Intracellular Ca2+ signaling has been implicated as a key messenger that links the core clock mechanism in SCN neurons to physiological downstream circadian oscillations (43, 44). Specifically, cytosolic Ca2+ and L-type Ca2+ current in mammalian SCN neurons are marked by diurnal and circadian fluctuations (45, 46): “L-type Ca2+ current displays a larger amplitude when the cytosolic Ca2+ increases during the day than the night”. Similarly, circadian patterns of regulation of Ca2+ channel subunits, Ca2+ current densities in embryonic chick hearts (42), and K+ channel subunit gene expression (47) have been identified in rat hearts. Note that because these experiments were performed in vivo, both intrinsic mechanisms of pacemaker cells and their modulation by the autonomic nervous system can influence the gene circadian patterns. Future research is required to determine whether the beating interval of pacemaker cells exhibits circadian variation linked to circadian variation in intracellular Ca2+, the rate of local Ca2+ release and other coupled-clock functions, and the contribution of these, to circadian variation of heart rate. Note also that circadian patterns in intracellular Ca2+, in turn, in heart pacemaker cells can affect the kinetics of posttranslational protein modification that determine the kinetics of spontaneous AP firing rate (see above).

Mini summary

 

CIRCADIAN CLOCKS AND ENERGETIC REGULATION

There is a circadian pattern of metabolic activity in the rat SCN (48). For example, “glycolysis-related energy pathway activity of SCN is higher during the day than at night” (48). In the heart’s pacemaker cells, ATP production by the mitochondria, rather than glycolysis, is largely responsible for maintaining the basal spontaneous AP firing rate (49). Nevertheless, similar to glycolysis, the mitochondrial ATP production exhibits circadian rhythms and the mitochondria can behave as individual pacemakers whose dynamics obey collective network features (50). When the expression of the circadian clock gene CLOCK is altered in the heart, the response of the heart to fatty acid, triglyceride and glycogen metabolism is altered (51). Because ATP supply matches ATP demand on a beat-to-beat basis in the heart (52), generation of ATP with circadian variation may be influenced by and influence the rate and rhythm of ATP consumption. Specifically, future work will have to investigate whether the energy balance of the heart, which is controlled by the key ATP consumer, the sarcomere (53), exhibits circadian rhythms.

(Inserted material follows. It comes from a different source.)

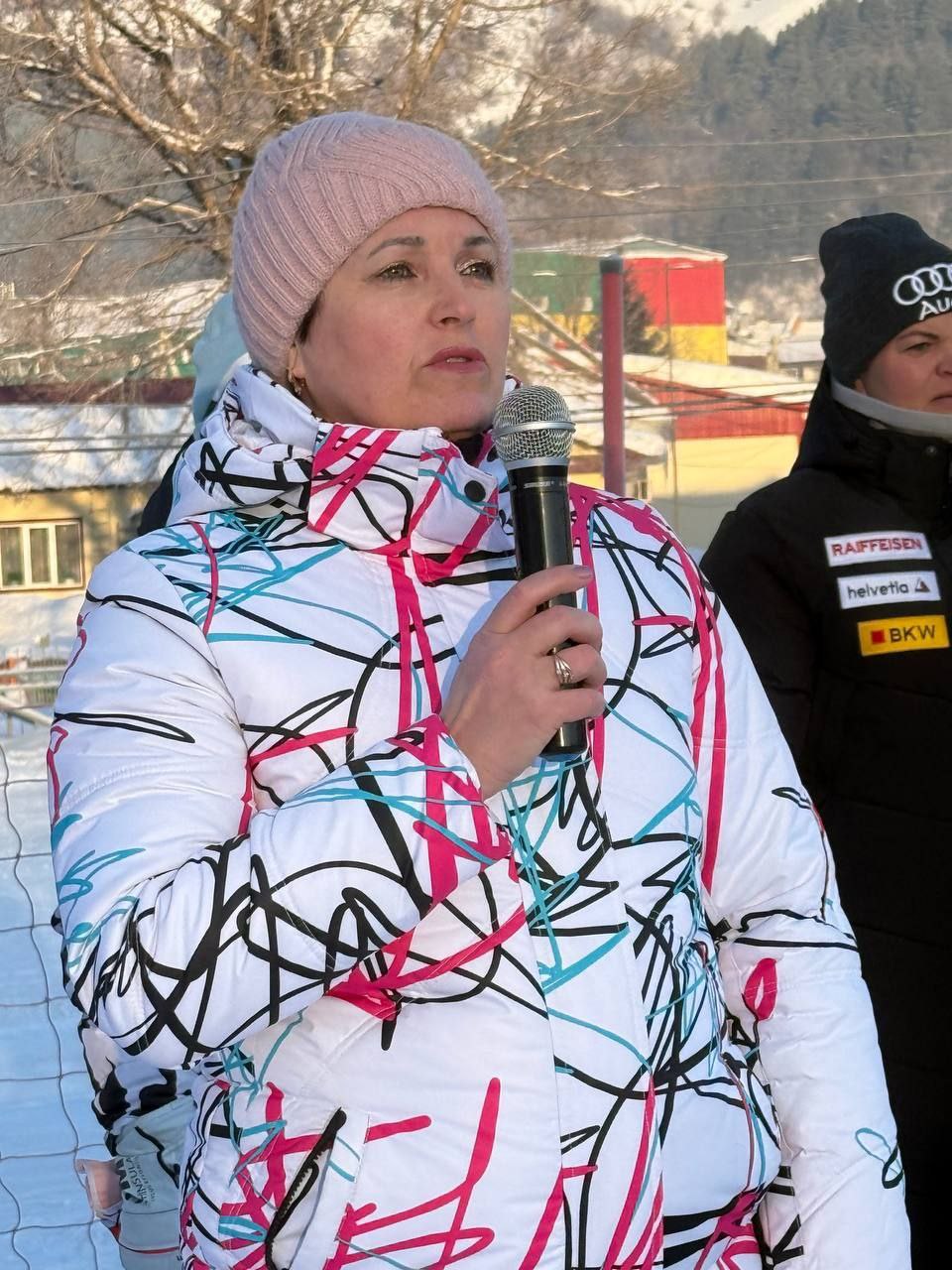 На торжественном открытии поприветствовала участников Кубка, пожелала всем успешных стартов и быстрых секунд на трассе. А ветеранов поблагодарила за поддержку и популяризацию горнолыжного спорта в Республике Алтай!

In heart pacemaker cells, in addition to regulation of pacemaker AP firing rate, intracellular Ca2+ and Ca2+ activation of cAMP/PKA-CaMKII signaling are the core mechanisms that link utilization of ATP and mitochondrial ATP production (54, 55). SCN cell cultures from rat, in fact, “exhibit robust rhythms in ATP accumulation that are inversely related to the circadian variation in Ca2+” (56). Future experiments in cardiac pacemaker cells are required to verify whether circadian rhythms of the core control mechanisms that link utilization of ATP to the mitochondrial ATP production can maintain circadian rhythms of pacemaker cell activity.

Mini summary

 

CIRCADIAN CLOCK ALTERATIONS IN HEART DISEASES AND IN AGING

Elevated heart rate (57) and decreased heart rate variability (i.e. ultradian heart rate rhythm) (58) are both predictors of increased cardiovascular morbidity and mortality. Because of the links between circadian and ultradian rhythms in the heart (see above), it is not surprising that altered circadian rhythms predict increased cardiovascular morbidity and mortality in humans (59). Specifically, increased circadian rhythm variability is associated with carotid stenosis and increases in all measures of coronary atherogenesis (59). Moreover, cardiac disease event occurrence exhibits circadian variation. For example, “different cardiac diseases (coronary ischemic events, acute myocardial infarction and sudden cardiac death) in males appear to peak during transition from sleep, when the cardiac beating interval and the heart rate variability are reduced” (60).

Changes in the properties of coupled-clock mechanisms intrinsic to pacemaker cells that comprise the sinoatrial node and their impaired response to autonomic receptor stimulation have also been implicated in the changes in ultradian rhythms observed in heart diseases (5, 61). One can speculate, therefore, that changes in the properties of coupled-clock mechanisms intrinsic to pacemaker cells may also contribute to the changes of circadian rhythm observed in heart diseases.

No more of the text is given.